Task description:
Starting from the line in which "uxcell Wooden Tableware" appears, set down each line exactly through the end of the listing, and nothing else. Leave out pictures.

Recorded information:
══════════

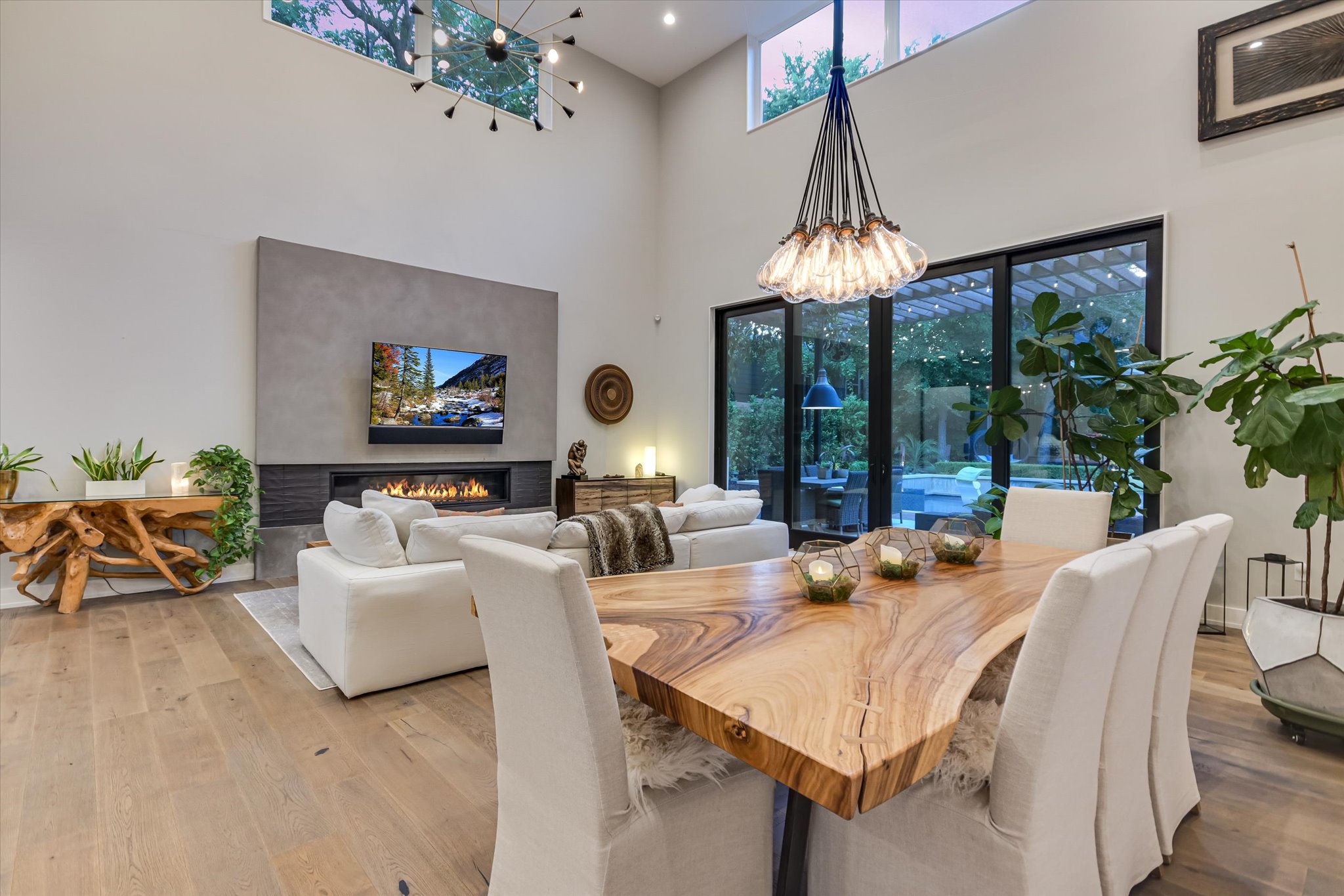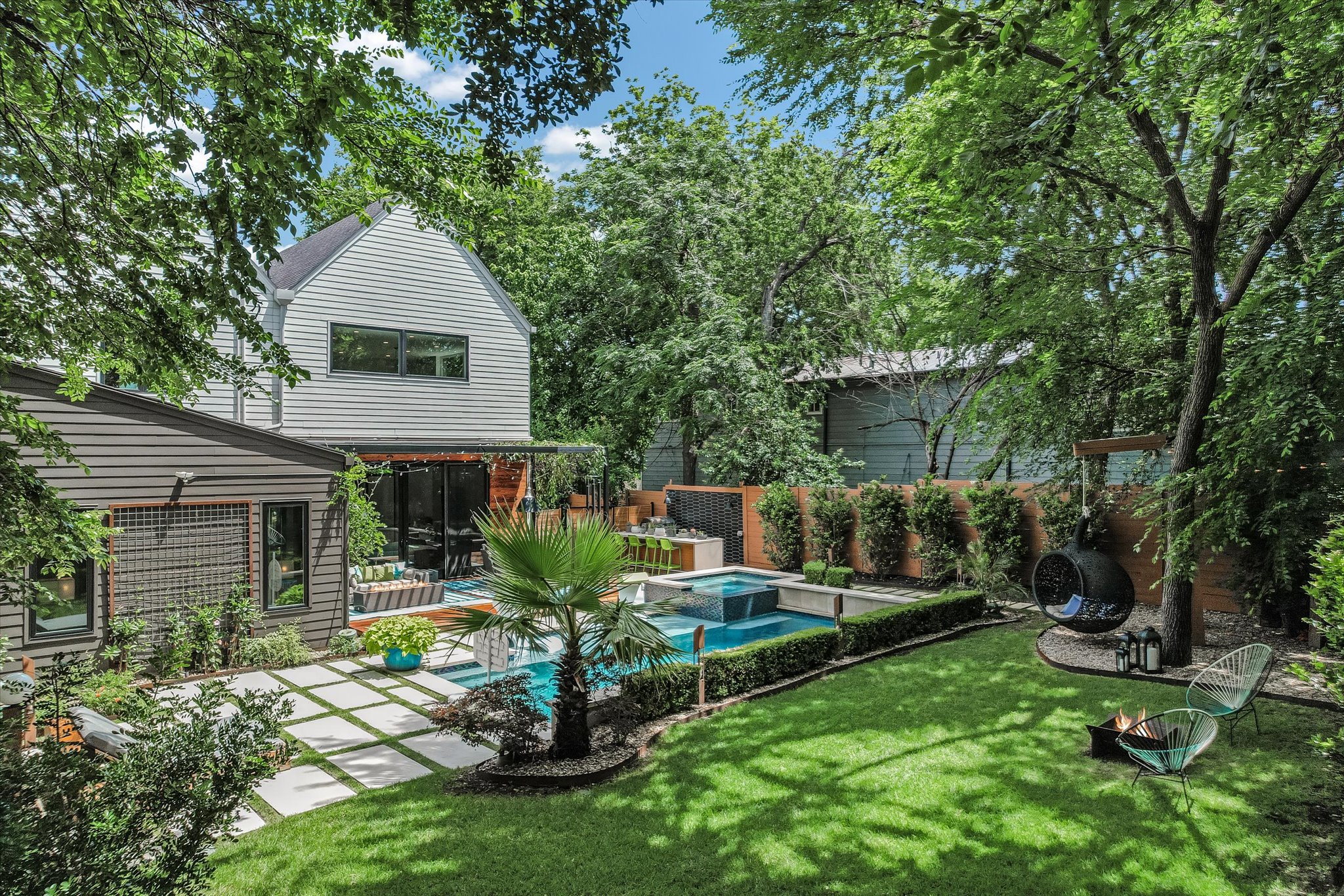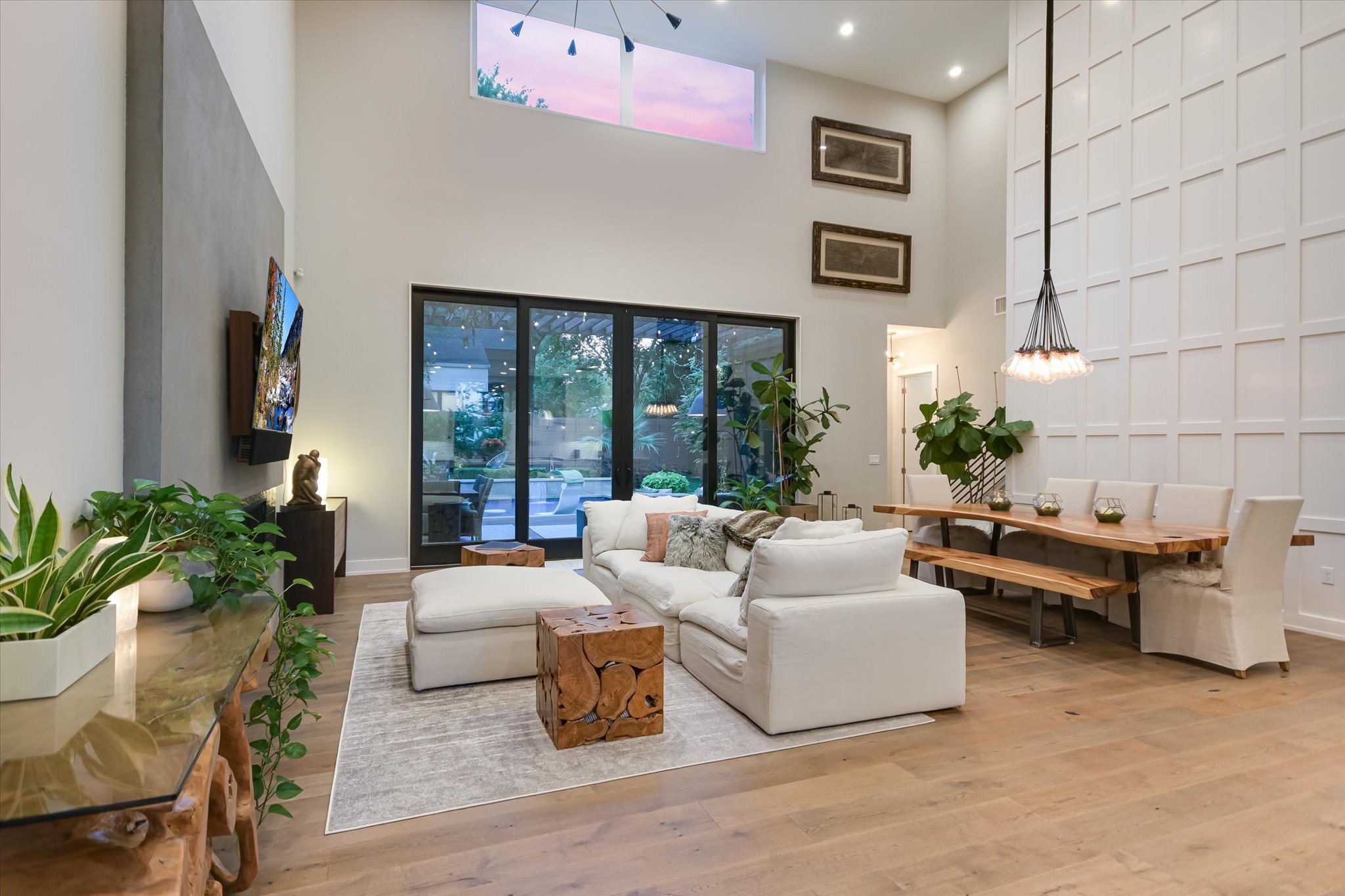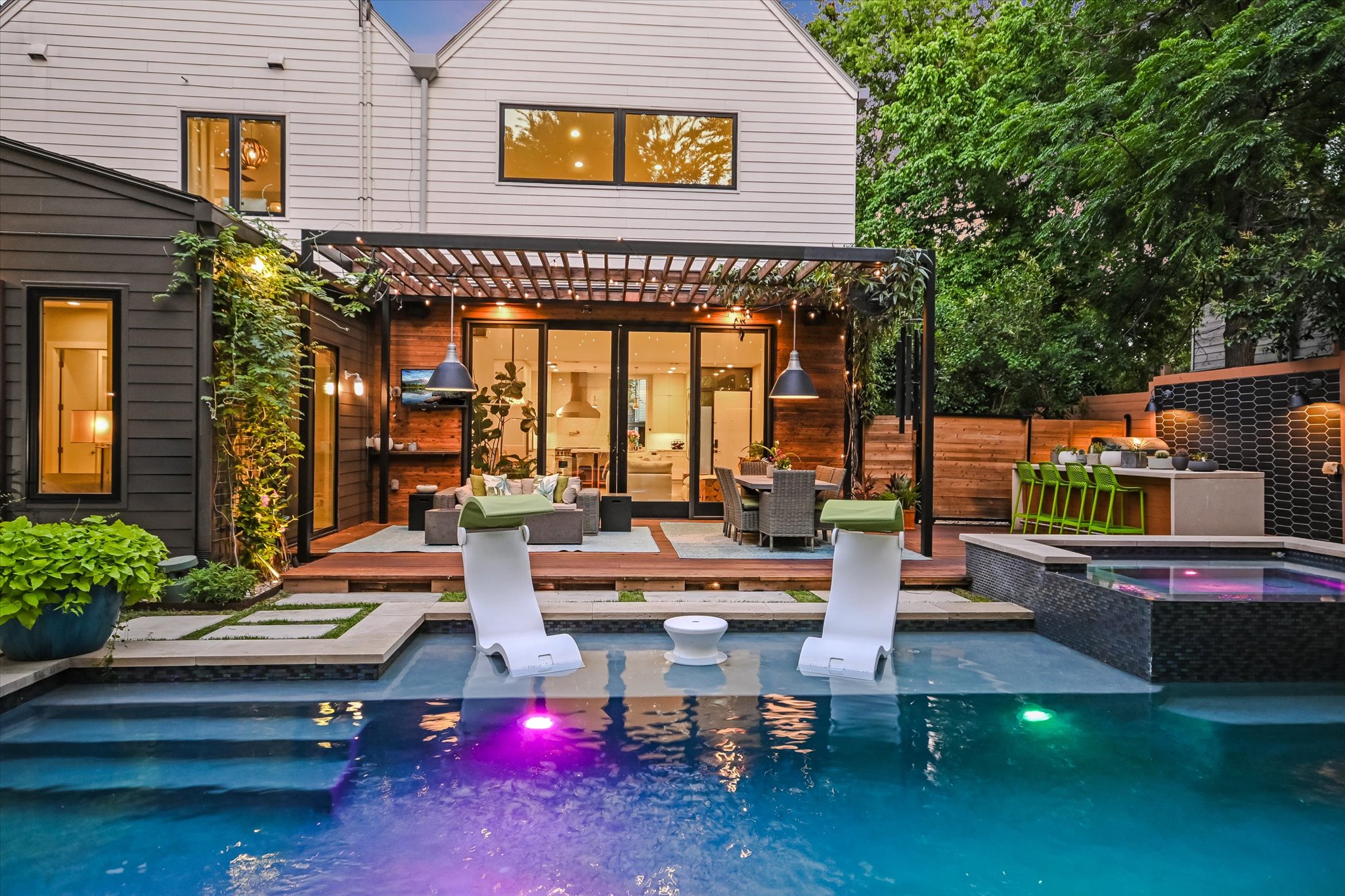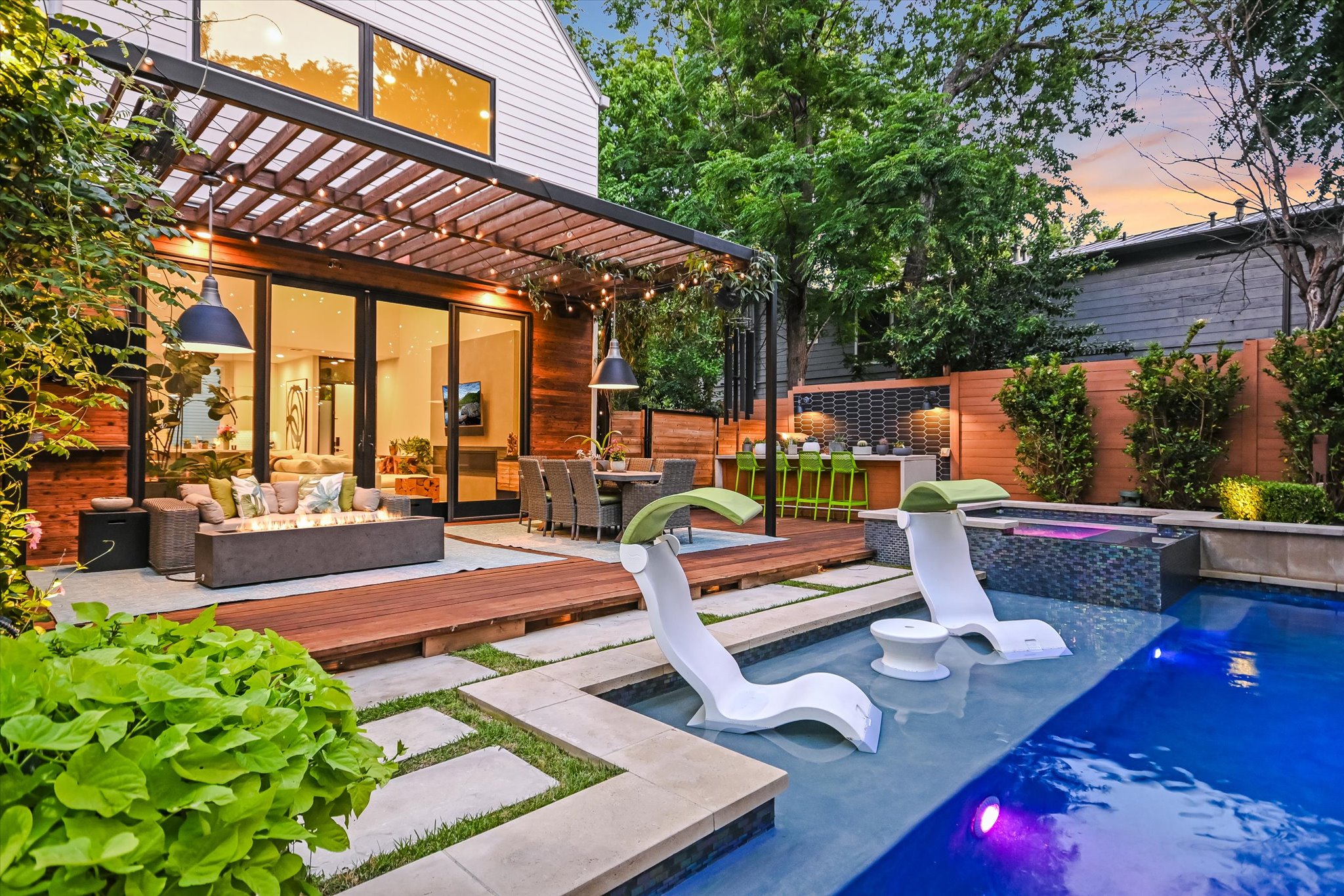From the lovely, raised garden and vine covered front walk you will step through the door and be awed at the volume of space that flows from inside to the lush, mature landscape. The living room ceiling soars to 20 feet and is accented with a striking accent wall that adds drama and texture. Opposite, a sleek concrete surround frames a linear gas fireplace. The open space is grounded by warm wide-plank oak floors. Oversized steel windows slide open to the pergola-covered deck, extending the living space even further. Exceptionally large for a townhome, the oversized back yard is a private outdoor resort, with limestone-coped pool and spa, outdoor kitchen and bar, firepit, lounge areas, mature trees and more. Fenced and gorgeously landscaped, you will find yourself constantly drawn outside to listen to the birds and feel the breeze ruffling the trees.
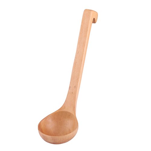 uxcell Wooden Tableware Hook End Design Soup Ladle 11.4 Inch Brown
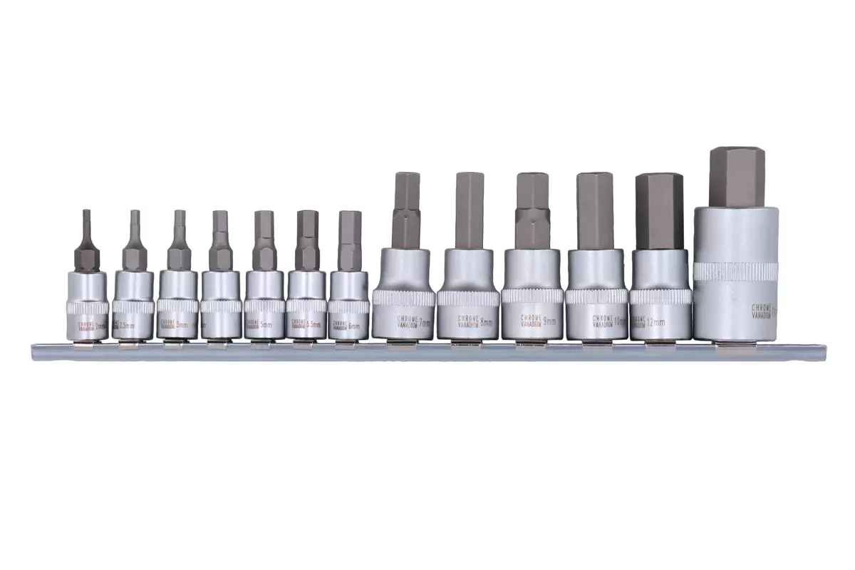 - Sockets manufactured from Chrome Vanadium (CRV) with a satin finish, bits from impact grade S2 steel (except for 14mm which is manufactured from Chrome Vanadium).

══════════

Solved problem:
 uxcell Wooden Tableware Hook End Design Soup Ladle 11.4 Inch Brown
 - Sockets manufactured from Chrome Vanadium (CRV) with a satin finish, bits from impact grade S2 steel (except for 14mm which is manufactured from Chrome Vanadium).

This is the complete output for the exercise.